Researchers have identified a potential blood biomarker, PPP2R5C, that may help detect Alzheimer’s disease (AD) at an earlier stage. The findings were published in Cell Reports Medicine and highlight the importance of early diagnosis in AD, which often begins years before symptoms appear.
Alzheimer’s disease is the most common form of dementia and primarily affects older adults. Current diagnostic methods such as PET imaging and cerebrospinal fluid analysis are invasive and expensive, making them difficult to use widely. Scientists have been searching for more accessible biomarkers that could signal the onset of AD before significant cognitive decline occurs.
The study focused on tau protein hyperphosphorylation—a key feature in AD that leads to neurofibrillary tangles and neuronal damage. Since regulators of tau phosphorylation might serve as effective biomarkers, researchers examined PPP2R5C, a regulatory subunit of protein phosphatase 2A (PP2A), which is responsible for most tau dephosphorylation activity in the brain.
The research involved analyzing neuron-derived exosomes from plasma samples across several groups: cognitively normal individuals, presymptomatic familial AD participants, and patients with familial AD. The results showed that levels of a specific PPP2R5C peptide decreased progressively from healthy controls to those with advanced disease.
These findings were validated in another group including cognitively normal controls, sporadic AD patients, and people with amnestic mild cognitive impairment (aMCI). Reduced PPP2R5C expression was observed in those with early signs of Alzheimer’s pathology.

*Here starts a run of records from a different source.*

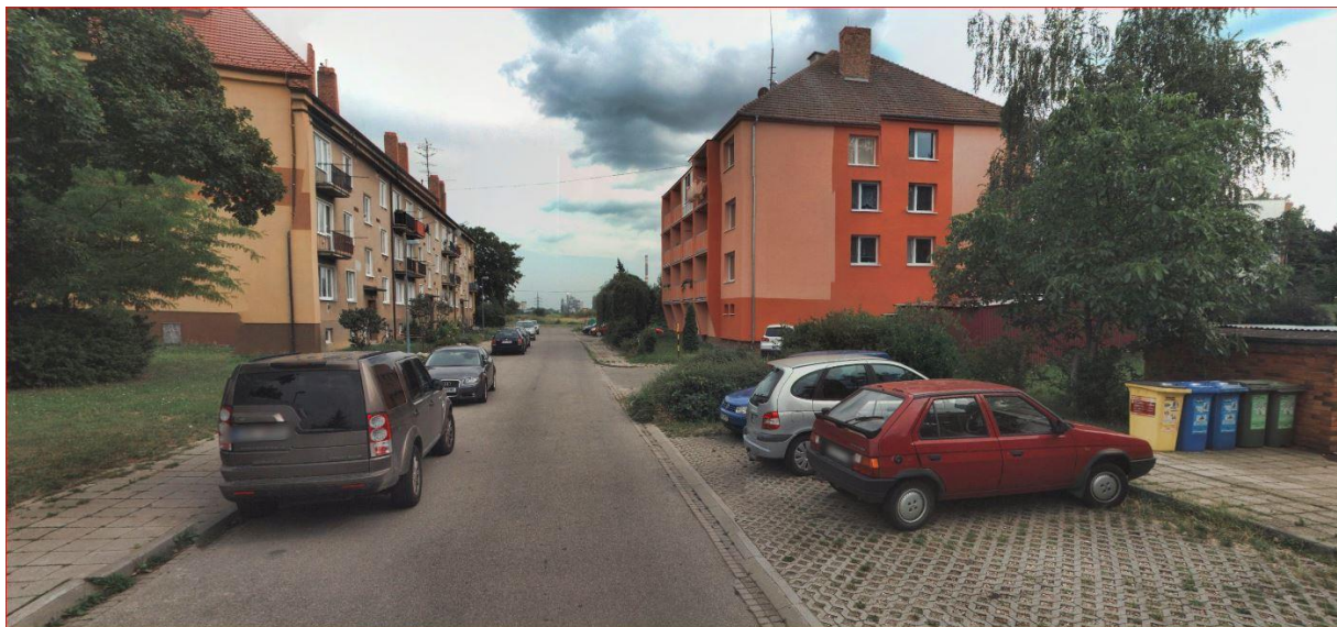
Obrázek 6 - stání na komunikaci, nedostatečná šířka komunikace
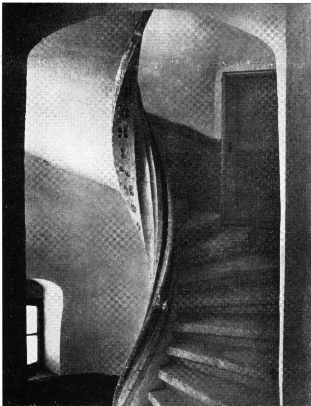
Schloß Pruntrut, Wendeltreppe Residenzgebäude

1961 sind die Restaurierungsarbeiten am Schloß, für welche das Bernervolk am 2. September 1956 einen Kredit von 2 Millionen Franken bewilligt hatte, abgeschlossen worden.
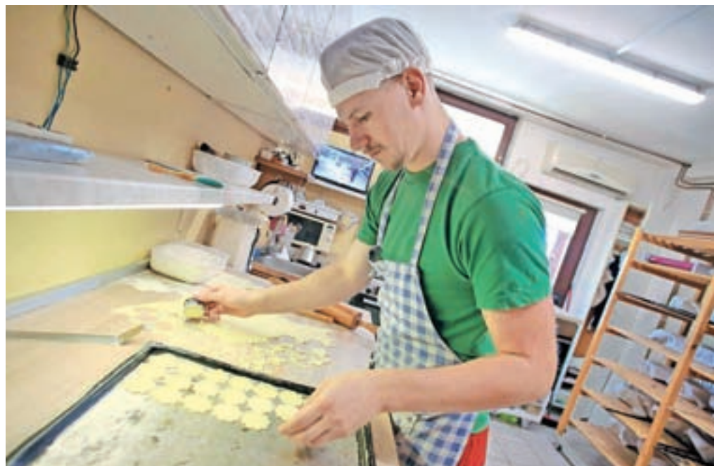
Za peko na mesec porabijo približno tona in pol moke.

K še večji prepoznavnosti njihove kmetije je zdaj prispeval še naziv mladega gospodarja leta. »Za tekmovanje so me prijavi v Društvu podeželskih žena Blegoš in sprva niti nisem želel sodelovati, a se je izkazalo, da je bila zelo zanimiva izkušnja, spoznal sem ogromno novih ljudi.« Na podlagi vnaprej predpisanega gradiva, ki so ga morali preštudirati, so preverili njihovo znanje o čebelarstvu, žganjekuhi in poljedelstvu, sledile so še praktične naloge, kot je prepoznavanje semen. V finalu pa so se morali izkazati pri stepanju beljakov, ribanju zelja in polnjenju antistresnih žogic, ki jih sicer izdeluje lanskeletna nosilka naziva mlada kmetica leta, je raz-
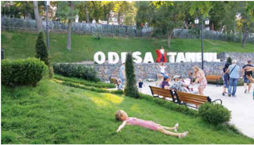
Foto 1 ve 2. İstanbul Büyükşehir Belediyesi'nin kardeş şehri Odessa (Ukrayna)'da ünlü Potemkin Merdivenleri yanındaki şehir parkı. Parkın peyzajı İstanbul BŞB'nin katkılarıyla gerçekleştirilmiştir.

bölgesindeki ülkeler ile kardeş şehir anlaşması imzalandığını ortaya koymaktadır. Türkiye'de belediyeler daha çok Avrupa ve Asya ülkeleri ile kardeş şehir ilişkisi kurmuştur. Kardeş şehir ilişkilerinde iki ülke arasında kültürel ve tarihsel bağların yanı sıra ekonomik/ticari, siyasi ilişkilerin etkili olduğu belirlenmektedir.

To simplify testing for clinical settings, researchers also measured total plasma PPP2R5C rather than isolating neuron-derived exosomes. In this analysis, lower levels of plasma PPP2R5C were found among AD patients compared to controls. Specifically, plasma PPP2R5C was about 61% lower in individuals with aMCI and 32% lower in those with diagnosed AD when compared to healthy controls; there was also a notable difference between aMCI and AD groups.
Plasma PPP2R5C distinguished Alzheimer’s patients from healthy controls with good accuracy based on area under the receiver operating characteristic curve (AUROC) values but had limited ability to differentiate between stages within affected groups.
Further tests revealed positive associations between plasma PPP2R5C levels and cognitive function scores while showing negative correlations with established markers of tau pathology. Postmortem brain tissue analysis confirmed reduced expression of PPP2R5C specifically among aged Alzheimer’s patients but not simply due to aging alone.
Laboratory experiments demonstrated that increasing PPP2R5C led to less phosphorylated tau protein through enhanced PP2A activity. Additional tests indicated this process depended on autophagy-lysosome pathways involving ULK1 kinase signaling.
The authors noted: “Collectively, findings suggest PPP2R5C may serve as a plasma biomarker candidate associated with early AD pathological processes. Reduced PPP2R5C appeared to precede tau hyperphosphorylation and was not observed in cognitively normal aged individuals.”
However, they cautioned: “Larger, longitudinal, and ethnically diverse cohort studies are needed to validate these findings. Assay standardization and reproducibility studies will be essential before plasma PPP2R5C can be incorporated into routine clinical screening or early diagnostic workflows for Alzheimer’s disease.”